## Data provided
◇ ◇ ◇

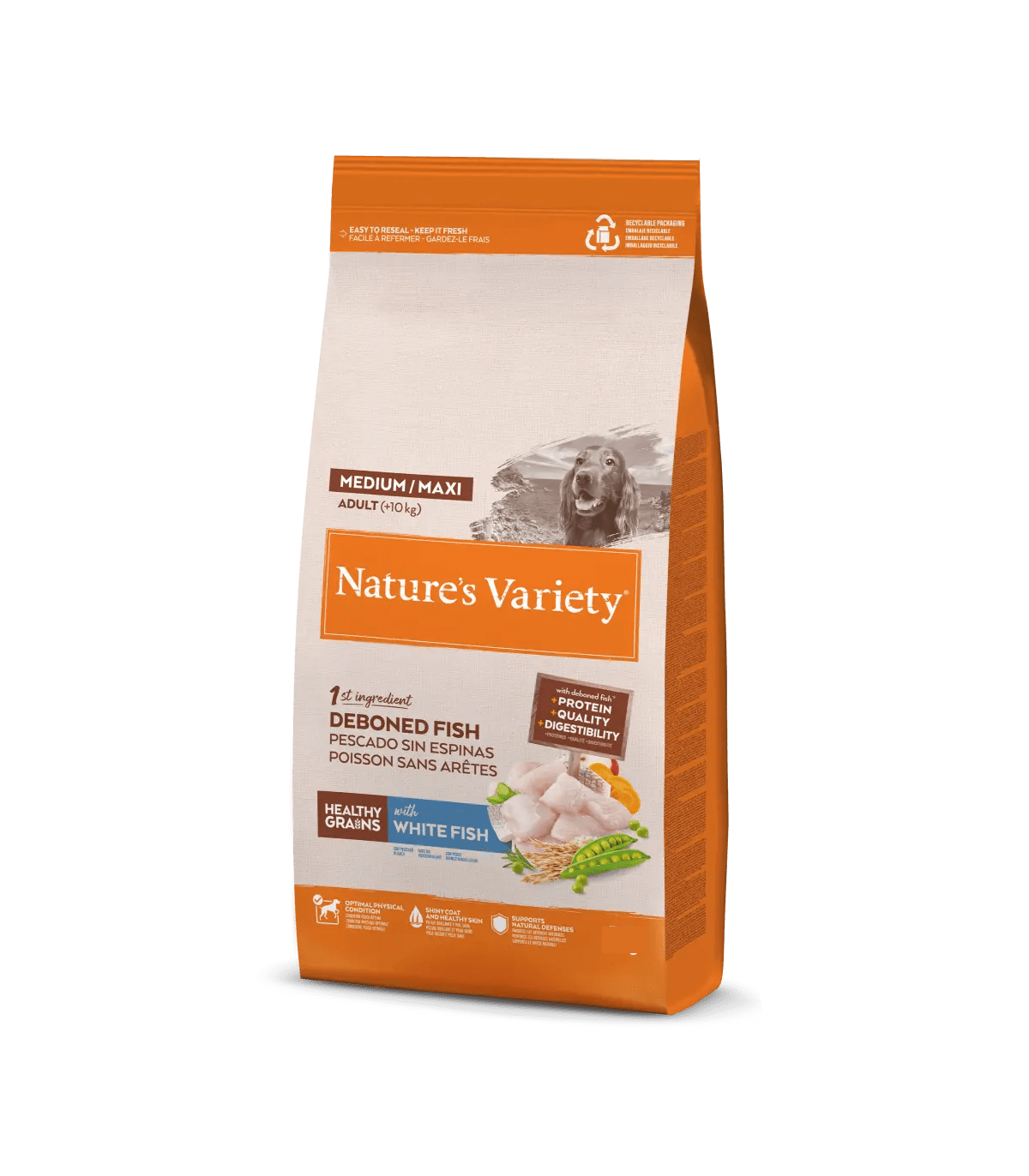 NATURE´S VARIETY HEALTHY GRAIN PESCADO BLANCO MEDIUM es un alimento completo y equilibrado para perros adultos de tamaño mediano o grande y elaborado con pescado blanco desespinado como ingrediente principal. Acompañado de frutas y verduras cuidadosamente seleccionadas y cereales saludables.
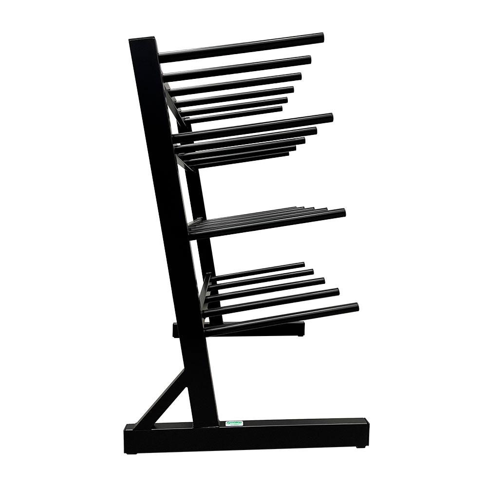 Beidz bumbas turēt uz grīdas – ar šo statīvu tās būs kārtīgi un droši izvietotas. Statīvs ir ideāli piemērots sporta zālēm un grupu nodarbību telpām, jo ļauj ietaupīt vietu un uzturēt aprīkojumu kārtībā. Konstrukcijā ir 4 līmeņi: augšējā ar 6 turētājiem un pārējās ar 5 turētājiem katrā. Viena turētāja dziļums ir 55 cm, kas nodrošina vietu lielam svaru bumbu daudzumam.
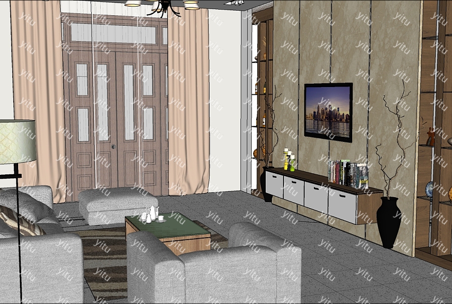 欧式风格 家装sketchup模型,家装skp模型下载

◇ ◇ ◇

## Instructions for the task
Copy the material exactly as written and leave every picture behind.

## Response
 NATURE´S VARIETY HEALTHY GRAIN PESCADO BLANCO MEDIUM es un alimento completo y equilibrado para perros adultos de tamaño mediano o grande y elaborado con pescado blanco desespinado como ingrediente principal. Acompañado de frutas y verduras cuidadosamente seleccionadas y cereales saludables.
 Beidz bumbas turēt uz grīdas – ar šo statīvu tās būs kārtīgi un droši izvietotas. Statīvs ir ideāli piemērots sporta zālēm un grupu nodarbību telpām, jo ļauj ietaupīt vietu un uzturēt aprīkojumu kārtībā. Konstrukcijā ir 4 līmeņi: augšējā ar 6 turētājiem un pārējās ar 5 turētājiem katrā. Viena turētāja dziļums ir 55 cm, kas nodrošina vietu lielam svaru bumbu daudzumam.
 欧式风格 家装sketchup模型,家装skp模型下载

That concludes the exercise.